The diagnostic test for malaria is mostly based on Rapid Diagnostic Test (RDT) and detection by microscopy. Polymerase Chain Reaction (PCR) is also a sensitive detection method that can be considered as a diagnostic tool. The outcome of malaria microscopy detection depends on the examiner's ability and experience. Some RDT has been distributed in Indonesia, which needs to be evaluated for their results.
This study aimed to compare the performance of RightSign RDT and ScreenPlus RDT for detection of in human blood. We used specific real-time polymerase chain reaction abTESTMMalaria qPCRII) and gold standard of microscopy detection method to measure diagnostic efficiency.
Blood specimens were evaluated using RightSign RDT, ScreenPlus RDT, Microscopy detection, and RT-PCR as the protocol described.
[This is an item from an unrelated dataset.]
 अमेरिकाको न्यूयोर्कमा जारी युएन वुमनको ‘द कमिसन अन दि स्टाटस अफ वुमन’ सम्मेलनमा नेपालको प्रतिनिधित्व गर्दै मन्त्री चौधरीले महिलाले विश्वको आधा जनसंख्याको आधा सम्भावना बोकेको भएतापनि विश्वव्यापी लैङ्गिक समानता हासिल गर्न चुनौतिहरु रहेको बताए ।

The differences on specificity (Sp), sensitivity (Sn), positive predictive value (PPV), and negative predictive value (NPV) were analyzed using McNemar and Kruskal Wallis analysis.
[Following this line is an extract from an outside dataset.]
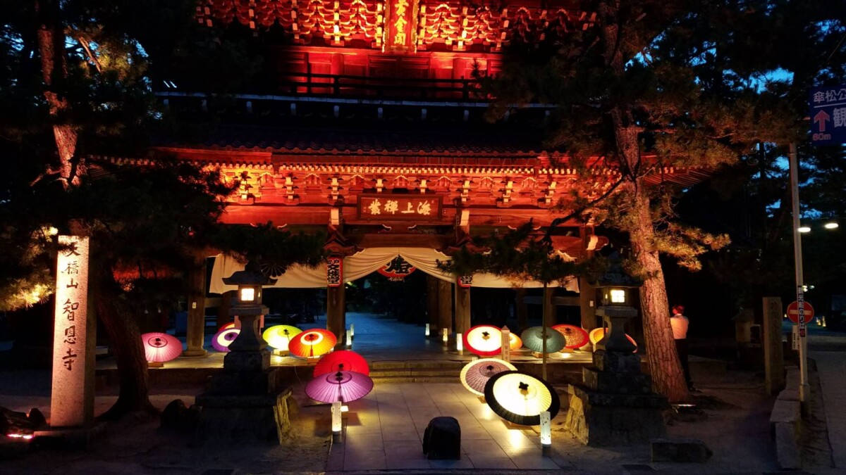 〇天橋立まち灯りぶらり散策 ~智恩寺山門和傘灯り~

A total of 105 subjects were recruited. Based on microscopy test, RightSign RDT had sensitivity, Specificity, PPV, NPV, 100%, 98%, 98.2%, 100%, respectively. ScreenPlus showed 100% sensitivity, 98% specificity, 98.2% PPV, 100% NPV. The sensitivity of both RDTs became lower (75%) and the specificity higher (100 %) when using real-time PCR. Both RDTs showed a 100% agreement. RTPCR detected higher mix infection when compared to microscopy and RDTs.
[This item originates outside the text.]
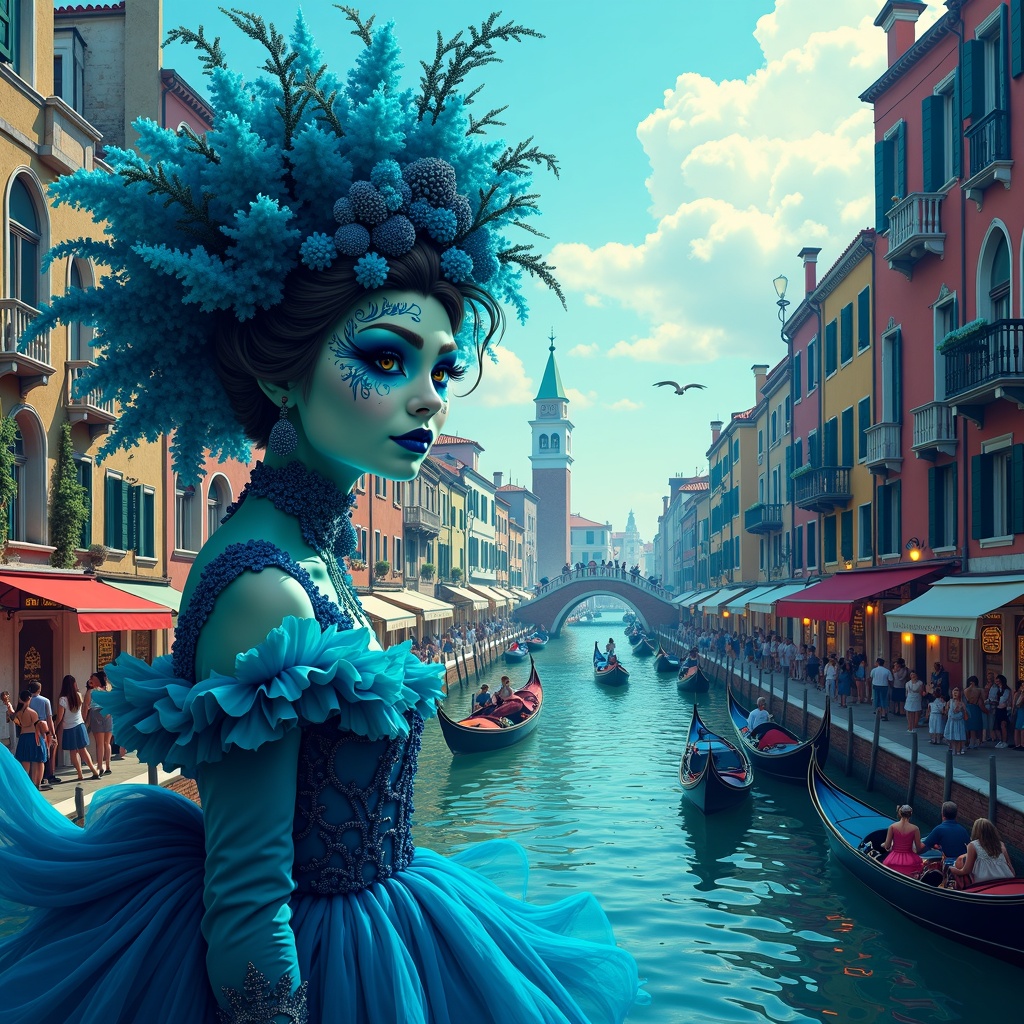 View this AI-generated image featuring venice during a vibrant carnival scene 3 captured in the style of whimsical compositions bursting with color and striking visuals featuring harmonious arrangements in shades of deep blue and sea green with unique facial features and gothic elements the image pr

RightSign and ScreenPlus RDT have excellent performance when using microscopy detection as a gold standard. Real-time PCR method can be considered as a confirmation tool for malaria diagnosis.
疟疾的诊断测试主要基于快速诊断测试(RDT)和显微镜检测。聚合酶链反应(PCR)也是一种敏感的检测方法,可被视为一种诊断工具。疟疾显微镜检测的结果取决于检查者的能力和经验。一些RDT已在印度尼西亚分发,需要对其结果进行评估。
本研究旨在比较RightSign RDT和ScreenPlus RDT在检测人血中疟疾的性能。我们使用特异性实时聚合酶链反应(abTESTMMalaria qPCRII)和显微镜检测方法的金标准来测量诊断效率。
按照所述方案,使用RightSign RDT、ScreenPlus RDT、显微镜检测和RT-PCR对血液标本进行评估。使用McNemar和Kruskal Wallis分析来分析特异性(Sp)、敏感性(Sn)、阳性预测值(PPV)和阴性预测值(NPV)的差异。
共招募了105名受试者。基于显微镜检测,RightSign RDT的敏感性、特异性、PPV、NPV分别为100%、98%、98.2%、100%。ScreenPlus显示敏感性为100%,特异性为98%,PPV为98.2%,NPV为100%。使用实时PCR时,两种RDT的敏感性均降低(75%),特异性升高(100%)。两种RDT显示出100%的一致性。与显微镜和RDT相比,RT-PCR检测到更高的混合感染率。
以显微镜检测作为金标准时,RightSign和ScreenPlus RDT具有优异的性能。实时PCR方法可被视为疟疾诊断的确认工具。